MLCA enables efficient and accurate placement of new AAV sequences onto a fixed reference phylogeny without recalculating the entire tree, making it well-suited for large-scale genomic analyses. This genotyping capability forms a core part of AAV-Atlas, facilitating species and serotype identification for submitted sequences.

In AAV-Atlas, the MLCA process is executed using the maxLikelihoodGenotyper and maxLikelihoodPlacer modules.

Example Usage in AAV-Atlas

The genotyping process in AAV-Atlas can be initiated through the command-line interface. Below is an example of using the MLCA genotyping module for AAV sequences:

GLUE> module aavMaxLikelihoodGenotyper genotype file -f example/test-seqs.fasta

This command processes the sequences in the specified FASTA file and outputs the assigned species and serotype clades for each sequence:

+===========+===================+====================+
| queryName | speciesFinalClade | serotypeFinalClade |
+===========+===================+====================+
| AX344105  | AL_Primate1       | AL_AAV2            |
| AX496953  | AL_Primate1       | AL_AAV2            |
| AX703462  | AL_Primate1       | AL_AAV2            |
| AX720902  | AL_Primate1       | AL_AAV2            |
| AX925291  | AL_Primate1       | AL_AAV2            |
| AX925550  | AL_Primate1       | AL_AAV2            |
| BD293519  | AL_Primate1       | AL_AAV2            |
| HV955994  | AL_Primate1       | AL_AAV2            |
| HZ796968  | AL_Primate1       | AL_AAV2            |
| LQ396120  | AL_Primate1       | AL_AAV2            |
| MP863866  | AL_Primate1       | AL_AAV2            |
| OF065946  | AL_Primate1       | AL_AAV2            |
| PC321937  | AL_Primate1       | AL_AAV2            |
| PE178192  | AL_Primate1       | AL_AAV2            |
| PF056792  | AL_Primate1       | AL_AAV2            |
| V01457    | AL_Primate1       | AL_AAV2            |
+===========+===================+====================+

In this example, each AAV sequence is assigned to the Primate1 species clade and the AAV2 serotype clade.

The MLCA Algorithm

MLCA operates through three primary stages: alignment, placement, and neighbor-weighting. Each stage is critical for accurately assigning query sequences to predefined clades.
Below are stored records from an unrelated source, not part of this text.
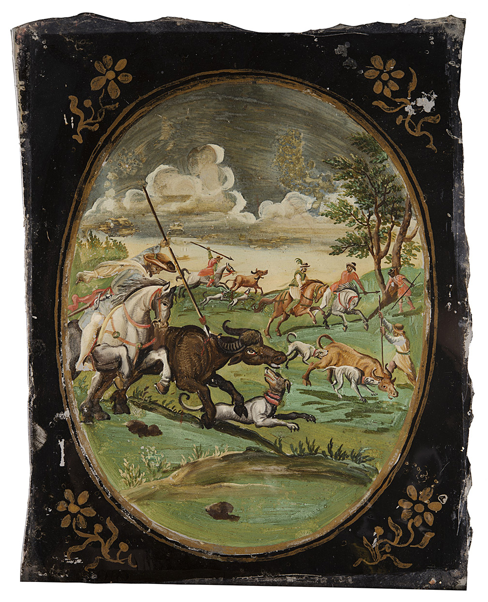 Scuola indo-portoghese del secolo XVIII "Scena di caccia al bufalo" verre peint (cm 25,5x20) In cornice
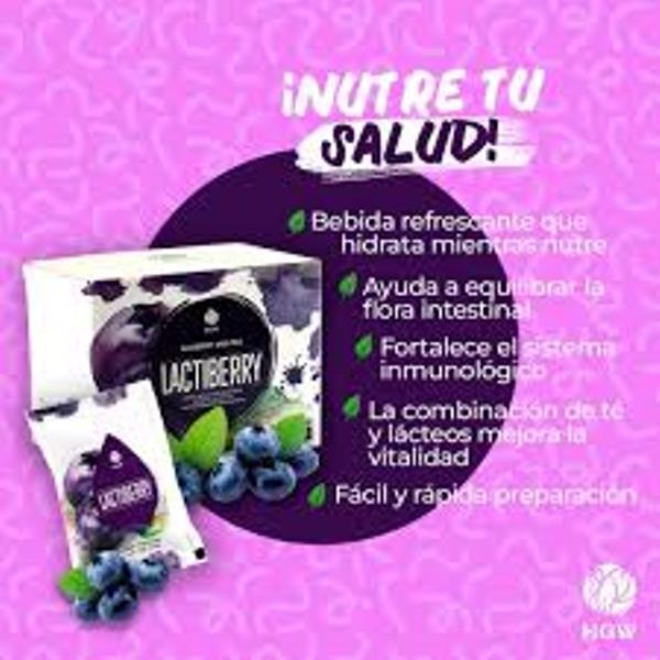 Vida util: 12 meses.Lactiberry de HGW es una bebida instantanea premium que combina arandanos, te negro y leche de Nueva Zelanda. Mejora la digestion, reduce el estres y aporta energia natural. ¡Compra tu caja de 10 sachets en Colombia hoy mismo!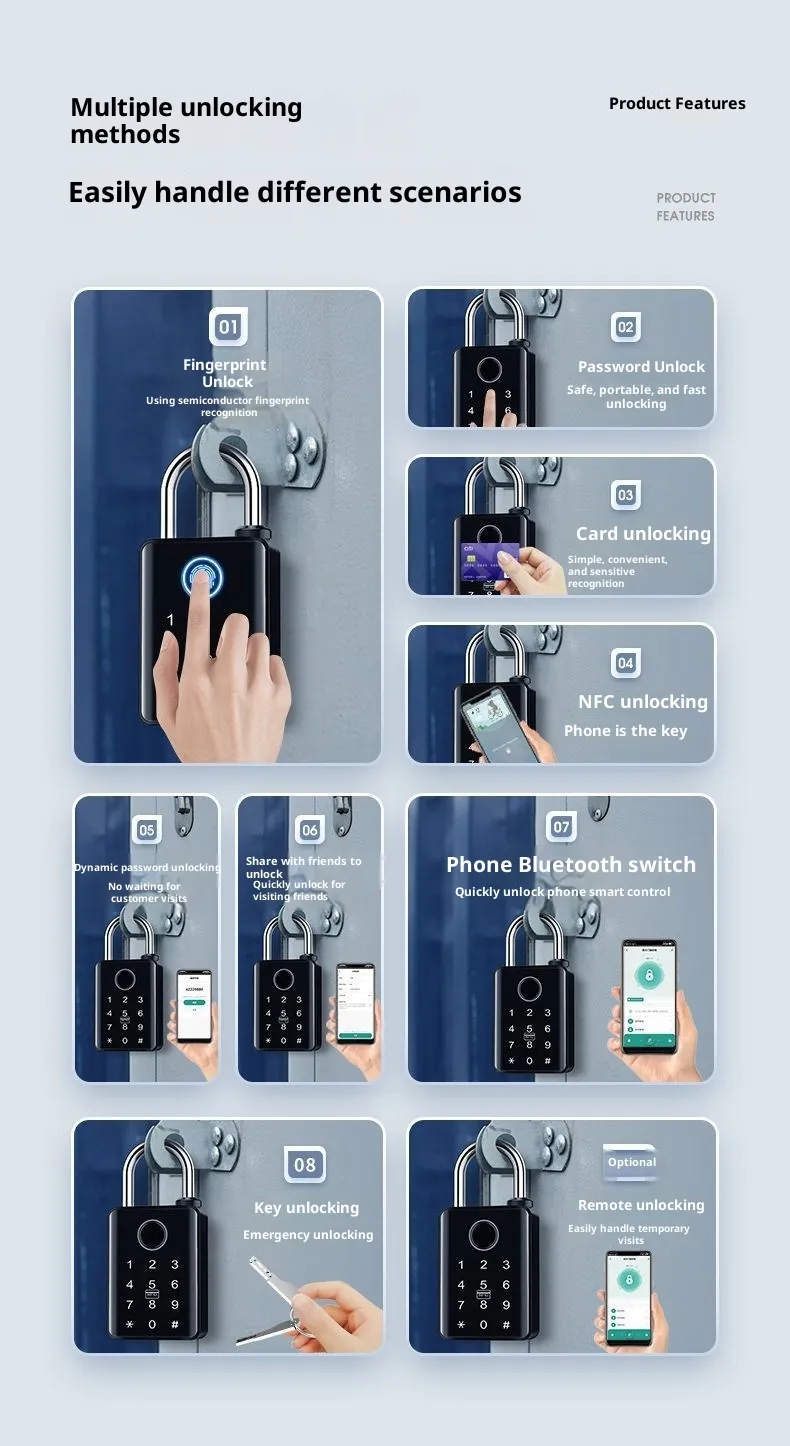 This padlock is perfect for warehouse managers, logistics operators, homeowners, and business owners in New Zealand seeking high-security access control without traditional keys. It’s designed for courtyard gates, storage units, delivery trucks, and equipment boxes, where durable, keyless entry enhances safety and convenience. The padlock suits anyone who values modern, fingerprint-based technology for reliable and fast access control.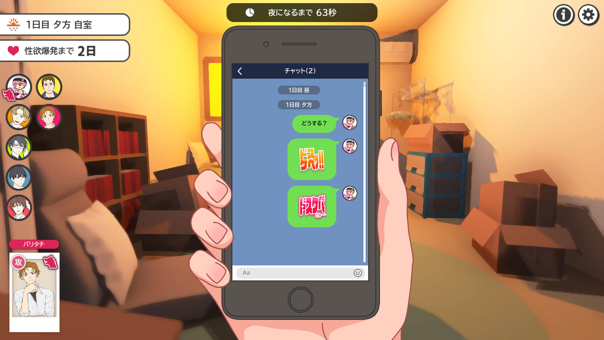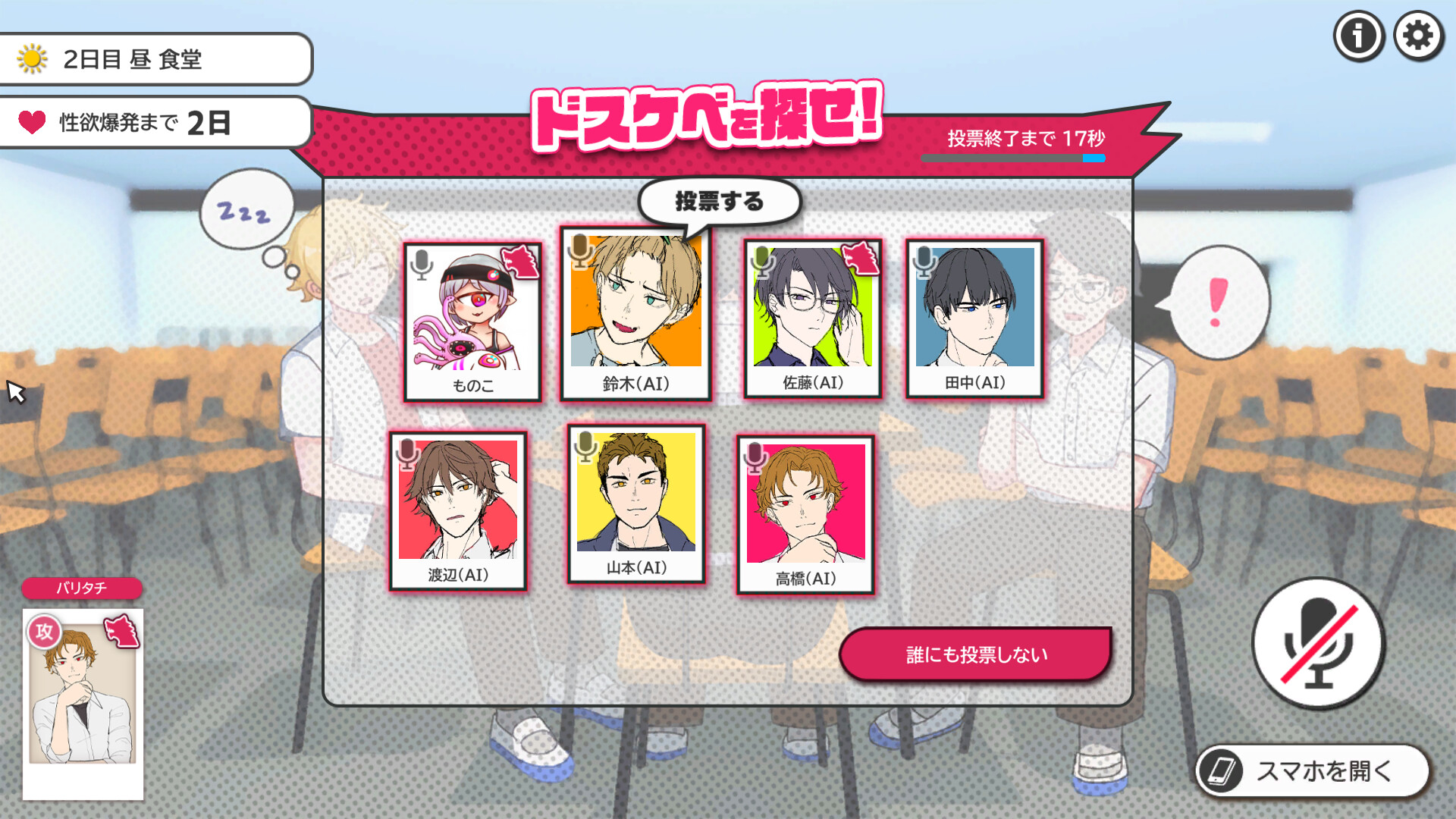 During the day phase, players discuss who is the most perverted, and can choose one person per day to suspend.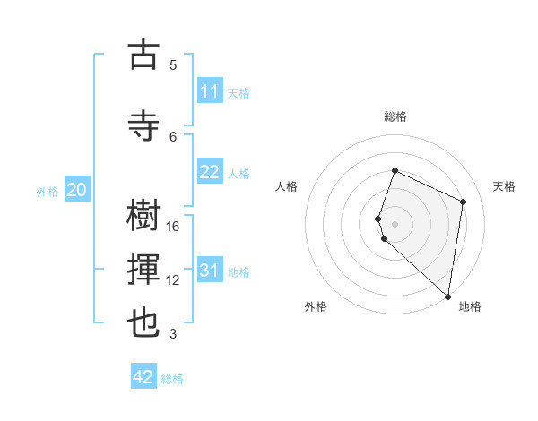 古寺 樹揮也さんの総格は42画の3点!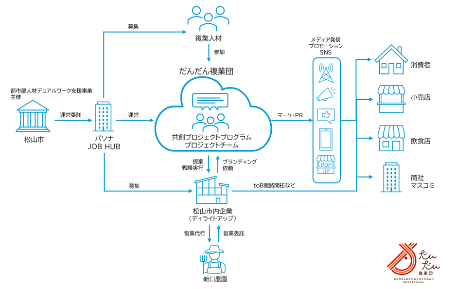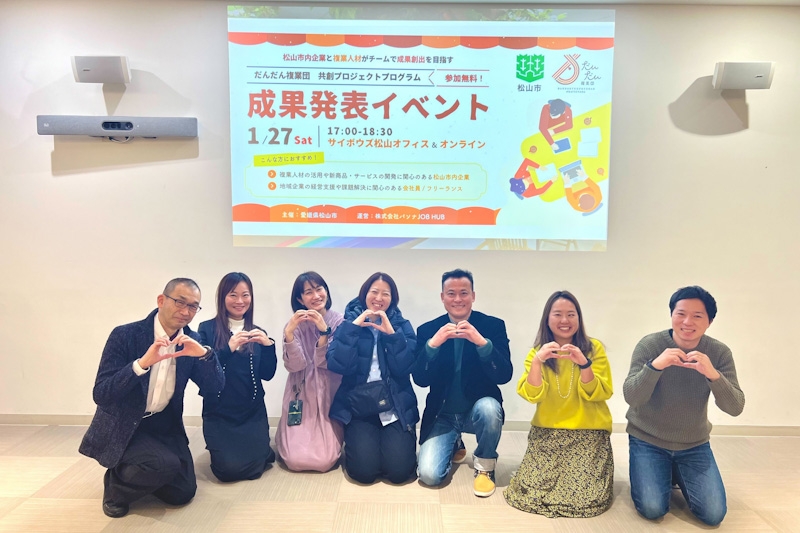 「だんだん複業団※」とは、松山市「都市部人材デュアルワーク支援業務」の一環として、様々な課題を抱える松山市内企業と自らのスキル・経験を生かしたい都市部人材による複業マッチングを通じて、企業の課題解決や人材の多様な働き方を目指すコミュニティです。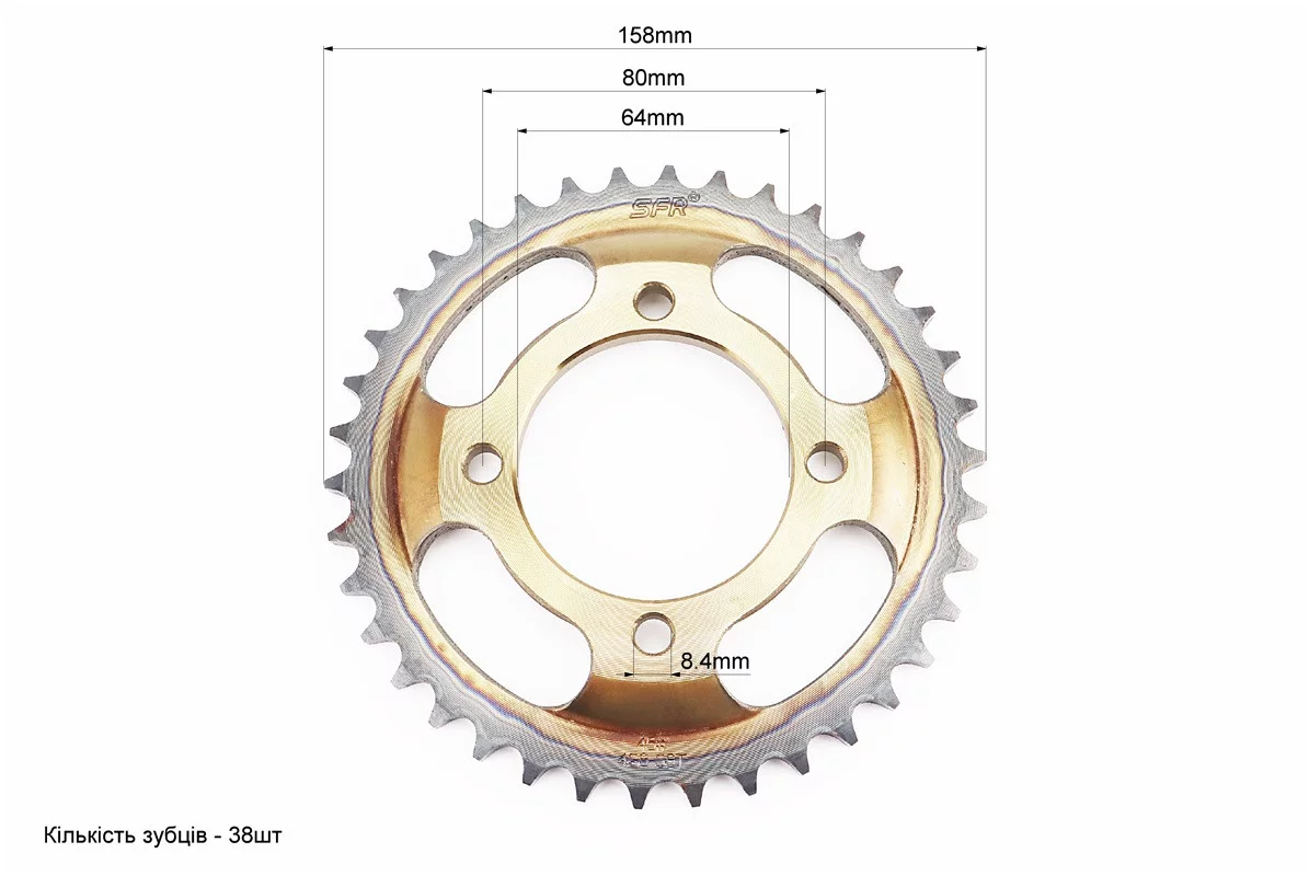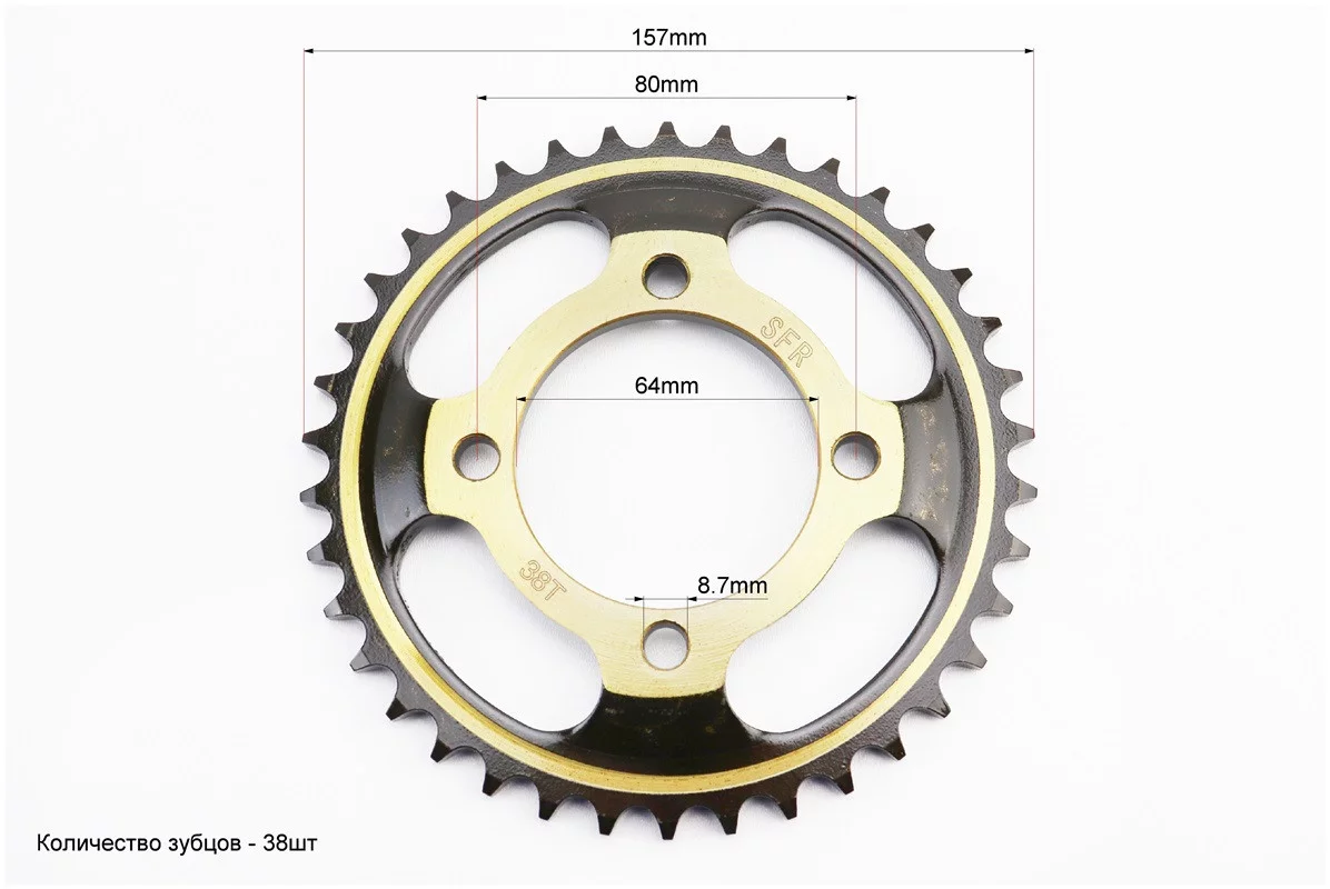 Звезда задняя FXD125 - 428-38T - d=64; 4отв.*80mm "каленая" Viper F5, FIX-505267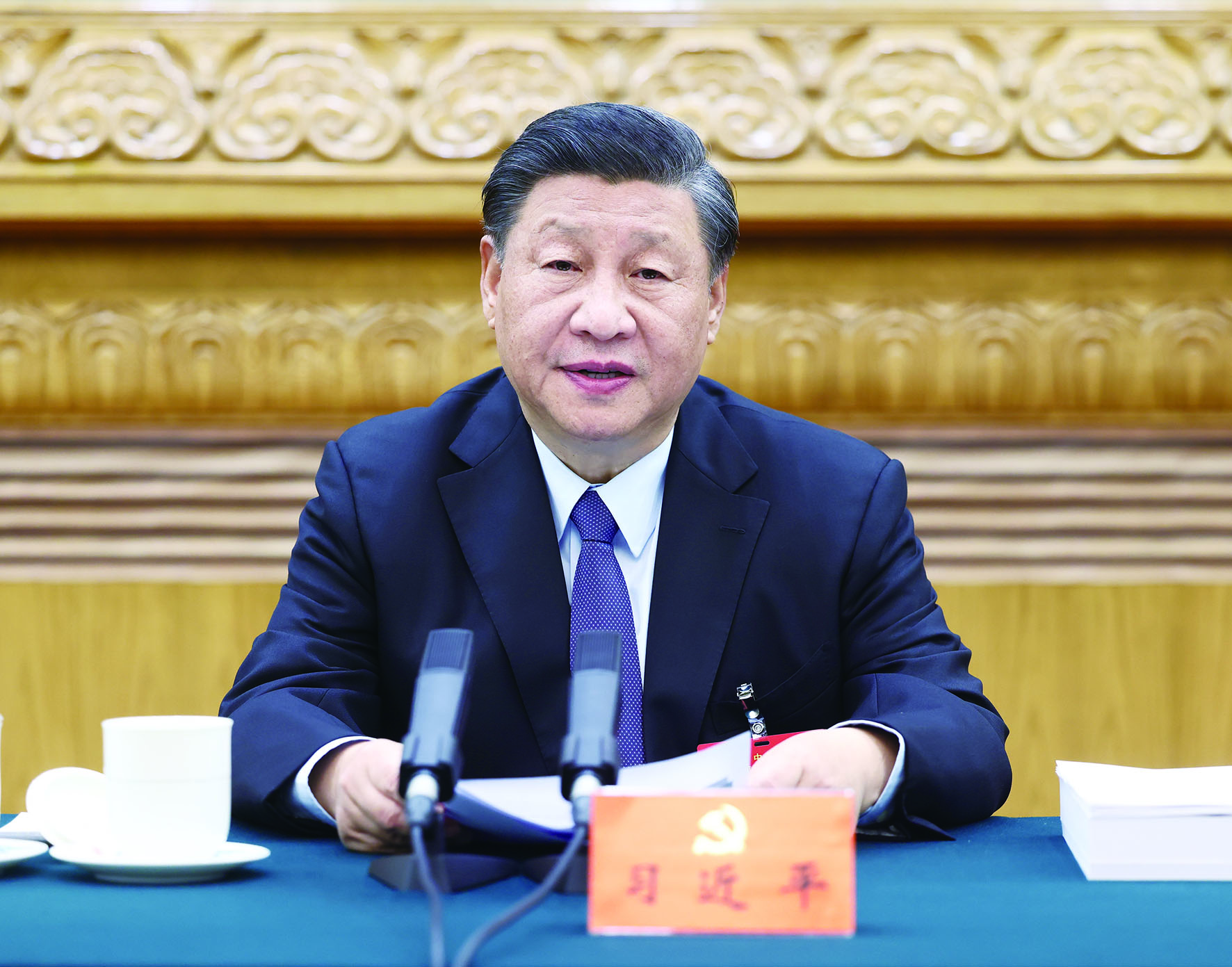 10月21日,中国共产党第二十次全国代表大会主席团在北京人民大会堂举行第三次会议。习近平同志主持会议。 新华社记者/鞠鹏 摄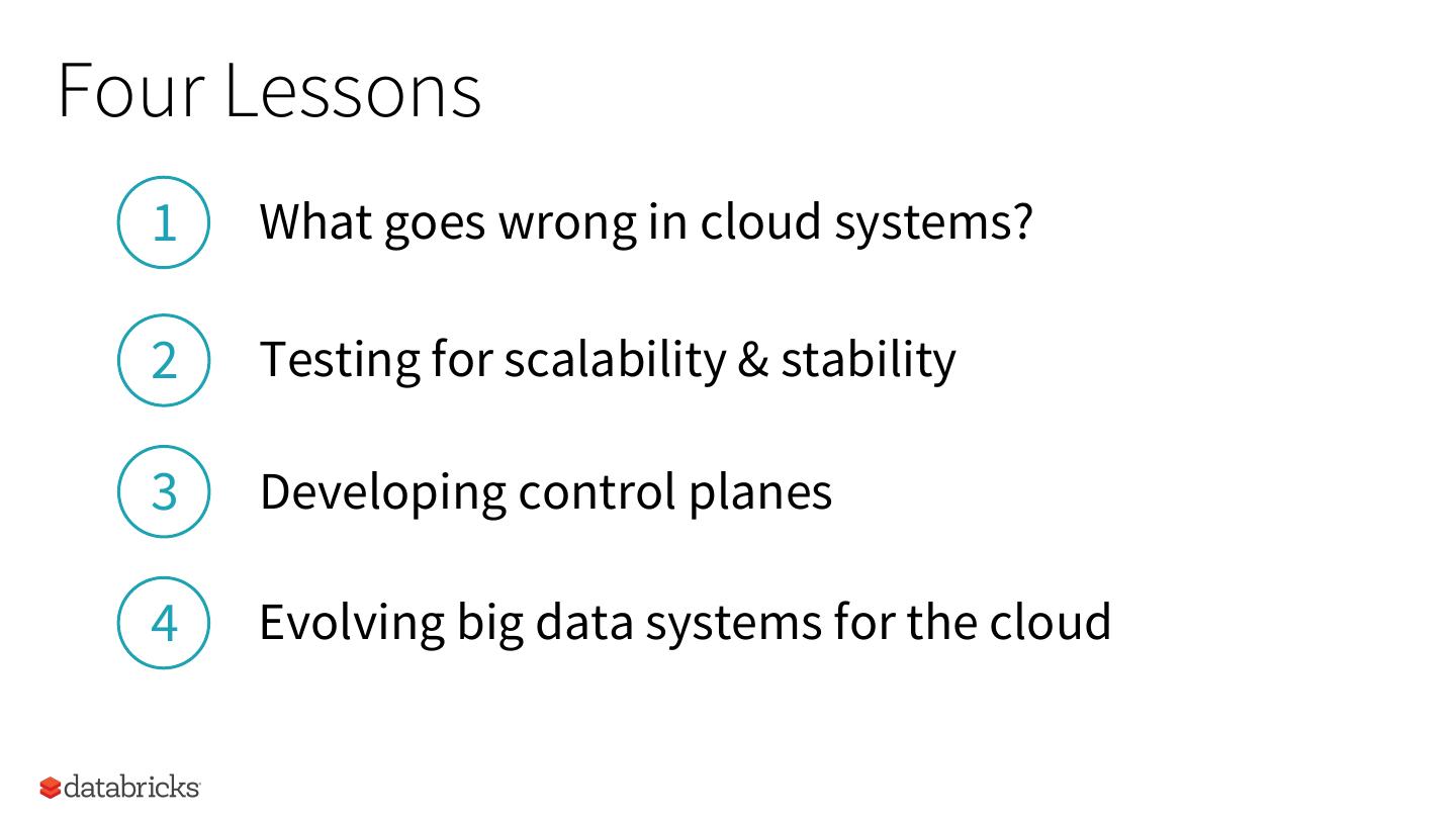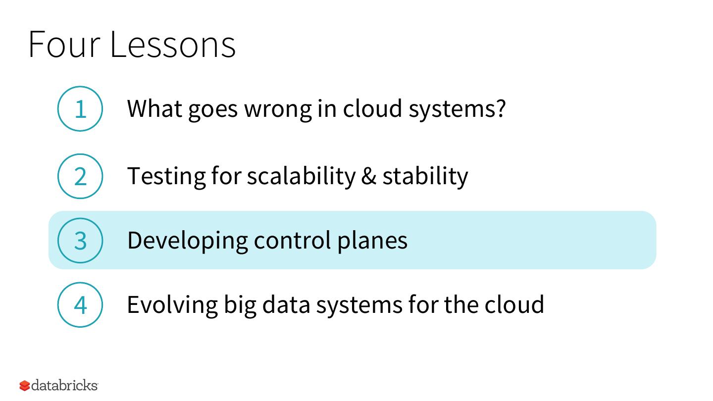 17 .Four Lessons 1 What goes wrong in cloud systems? 2 Testing for scalability & stability 3 Developing control planes 4 Evolving big data systems for the cloud 17

  1. Alignment Stage: Query sequences are aligned against a curated set of reference AAV sequences. The alignment uses the MAFFT software with the --add and --keeplength options, ensuring query sequences integrate into the existing alignment without modifying the reference structure. This isolated alignment process prevents alterations to the primary alignment, preserving data integrity.

  2. Placement Stage: The extended alignment is analyzed in conjunction with a fixed reference tree. RAxML's EPA subsystem places each query sequence onto the reference tree at positions maximizing the likelihood of the overall structure. The algorithm retains a subset of high-likelihood placements for further evaluation.

  3. Neighbor-Weighting Stage: This final stage computes the evolutionary distances between query sequences and the closest reference sequences, assessing the likelihood of each placement. Sequences are assigned to species and serotype clades based on proximity to reference sequences, with placements weighted by evolutionary distance. If the calculated weight exceeds a threshold, the query is assigned to the corresponding clade.

Advantages of MLCA in AAV-Atlas

The integration of MLCA into AAV-Atlas provides a scalable and efficient tool for AAV genotyping. By leveraging RAxML's EPA feature and the structured MLCA workflow, the process delivers:

  • High accuracy in species and serotype identification.
  • Computational efficiency, minimizing the need for repeated full phylogenetic tree construction.
  • Applicability to large-scale sequence datasets.